Thursday, November 14, 2013

"Le Havre"

Filmmakers who bother to cast a dog as a character... do they always make better films?

Probably not, but dogs feature in Finnish moviemaker Aki Kaurismaki's films The Man Without a Past (2003) and Le Havre (2011), and 
I love both films, which are about people being decent, even loving, in grim circumstances.
And his women characters are real people too. Actress Kati Outinen (above in Man Without a Past) is in both films.

They fit in the category I made up to describe a kind of art I like, the OK, We're Fucked; Now What? category, when the answer is somehow, even slightly, positive.

Kaurismaki even says as much, calling Le Havre a semi-realistic fairy tale: "The more pessimistic I feel, the more optimistic I need to make my movies. That’s my refuge."

The movies are beautiful too: Karuismaki sets scenes up like paintings. I highly recommend both films.

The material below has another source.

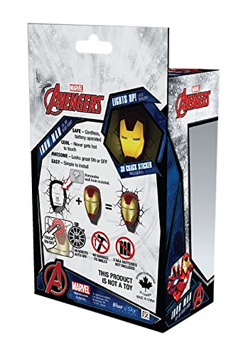 -. Binding : Kitchen -. Brand : Panoware -. Color : Iron Man -. EAN : 0841283199872 -. Feature : Officially licensed / Cordless, 3 AAA batteries required, batteries not included / Crack sticker and removable wall hooks included with no damage to walls / Touch ON/OFF with 60 minute auto shut off timer, LED light never gets hot to touch / Iron Man mask measures 3.25 x 2 x 4.8 inches -. IsAutographed : 0 -. Label : Panoware -. Manufacturer : Panoware -. ProductGroup : Home -. ProductTypeName : HOME -. Publisher : Panoware -. Studio : Panoware -. Title : 3D Light FX Marvel Mini 3D Deco Wall LED Night Light with Crack Wall Sticker, Iron Man -. UPC : 841283199872
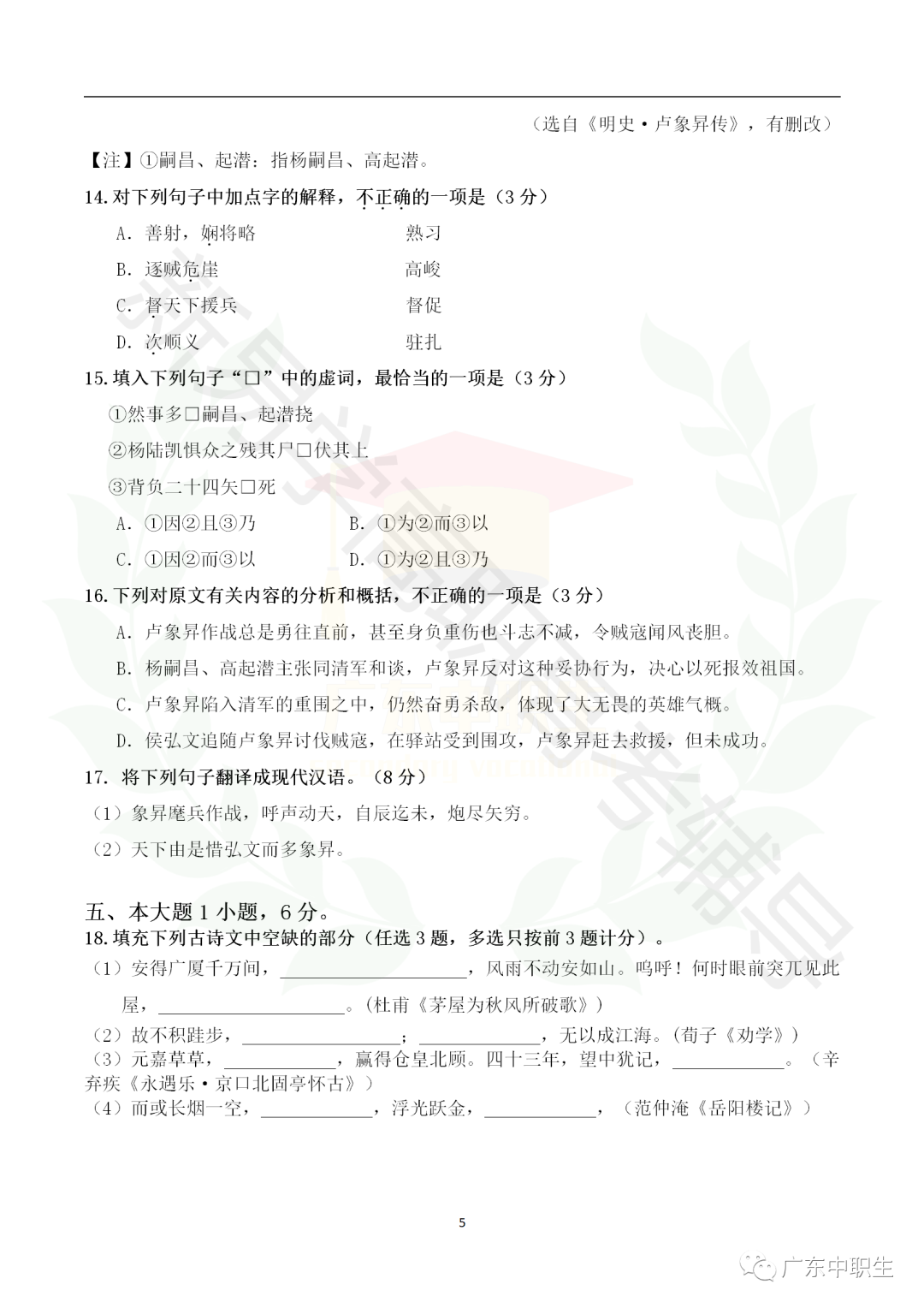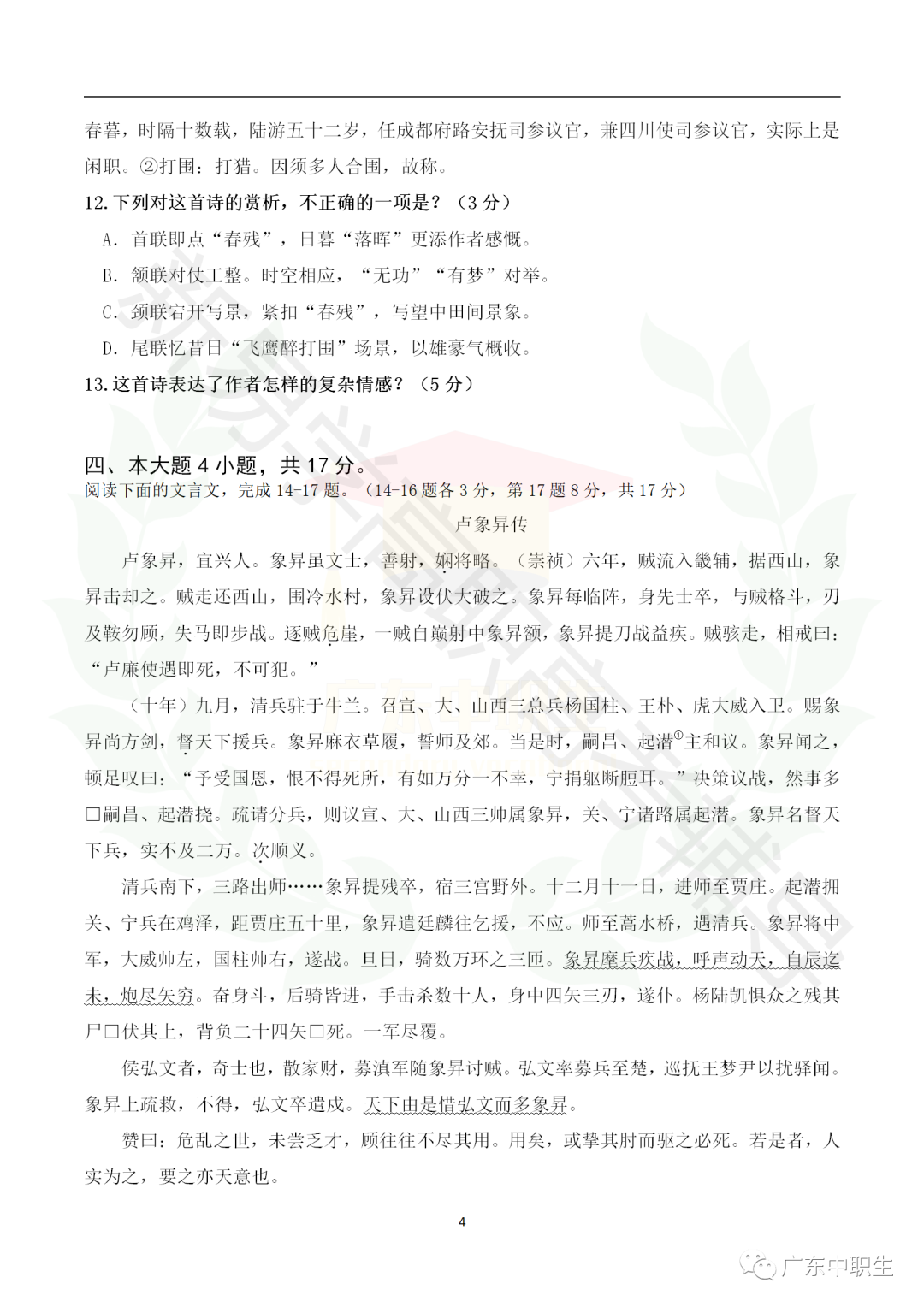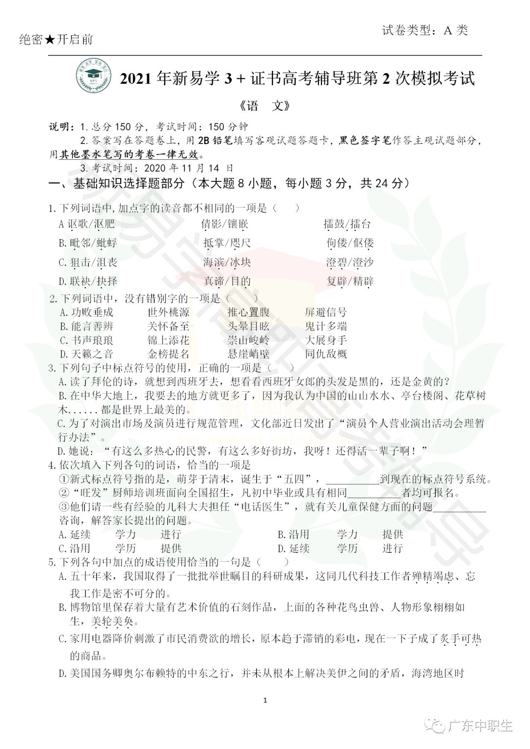 新易学第二次高职语文模拟考真题公布,来测测你能考几分?

SYNOPSIS from the film's website:

In this warmhearted portrait of the French harbor city that gives the film its name, fate throws young African refugee Idrissa (Blondin Miguel) into the path of Marcel Marx (André Wilms), a well-spoken bohemian who works as a shoeshiner. With innate optimism and the unwavering support of his community, Marcel stands up to officials doggedly pursuing the boy for deportation. A political fairy tale that exists somewhere between the reality of contemporary France and the classic cinema of Jean-Pierre Melville and Marcel Carné, Le Havre is a charming, deadpan delight.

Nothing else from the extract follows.